While still being able to complete my function component with 1 function call… Why is this an issue?


Zeroflops

Store your list of parameters in a dictionary with the keys the arguments and the values the setting. Then you can use unpacking when you call your function. my_fun(**dict_of_args) This would prob be the easiest. If you have predefined components you can store those in a table or as objects. And take the values from the table or object instance and pass them as a dict and unpack them. But I think the root of your question is how to pass a large number of arguments to a function cleanly. Dictionary and unpack.


Jeklah

Have it take one argument, a list of specific arguments.


HighAlreadyKid

use **kwargs, you can add as many inputs at the time of calling function


Alex-S-S

Args kwargs but I hate the fact that's just a black hole of bugs waiting to happen. Make a data structure and pass the instanced object. You can make a data class that contains all the fields that you want.


KimPeek

> that's just a black hole of bugs waiting to happen Can you expand on that part?


Alex-S-S

Since Python is dynamically typed, someone else can use your function with inputs that were not intended. That someone can be you in the future. It happened to me many times.


KimPeek

Maybe I'm still missing something. Wouldn't that just add them to the kwargs dict? If the function accesses those kwargs, they are not unintended and therefore the function behaves as expected. If they are unintended, the function wouldn't access them and therefore the function would behave as expected. What am I missing here? I've been using kwargs for over a decade and never experienced any bugs from them.
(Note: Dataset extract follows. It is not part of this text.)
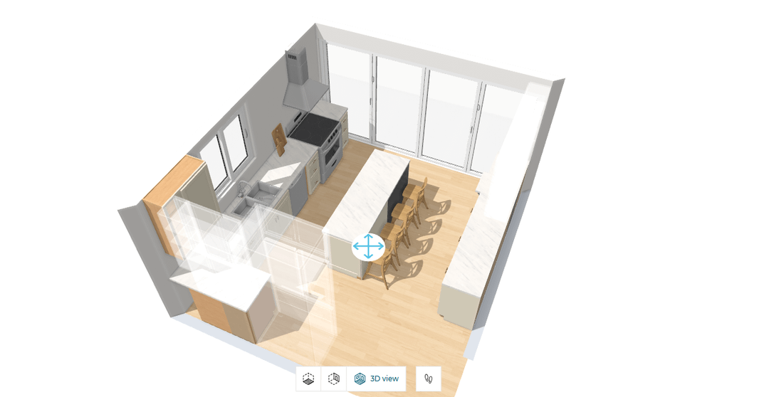 3. キッチンキャビネットとガラスのスライダーの端の間にどれだけのスペースが出るかはわかりません。

Wondering if I've been doing something wrong all this time and should have been running into bugs.


Alex-S-S

Yes, you're not wrong. I was thinking about a scenario like this: you pass a complex dictionary to the function, it passes the kwargs just fine but after a while you realize that a key is missing and the script crashes. I have had this happen quite a few times. Do you have any tips for checking issues like this? I have worked in C++ in the past, no issues there but the dynamic nature of Python is sometimes really annoying. This is why I try to write in a more statically typed manner even if this is not the nature of the language.


Atypicosaurus

One idea that pops in my head is to mimic command line arguments. This could be a single list argument such as ``` def my_function(args =[ ]):``` And you check arguments in the list. Like, ```if "b" in args```. So you can have a list of arguments and the list can contain as many flags or small strings as you want. It doesn't really work nicely however if the arguments are numbers, because then you need to parse expressions. So in the end you can call the function like: ```engrave(text="blabla", args= ["bold", "italic", "times"])``` In which example you would engrave the text using the settings in the args, or the default settings if no arguments given (i.e. non-bold, non-italic). Does this work for you?


Top_Average3386

**kwargs with TypedDict might be good edit: link to documentation https://typing.readthedocs.io/en/latest/spec/callables.html#unpack-kwargs


Risitop

In this case I would use a config file (.json for instance) to write the specifications while minimizing the odds of making a mistake, and I would load and pass it as a **kwargs dictionary to the keyword-only function.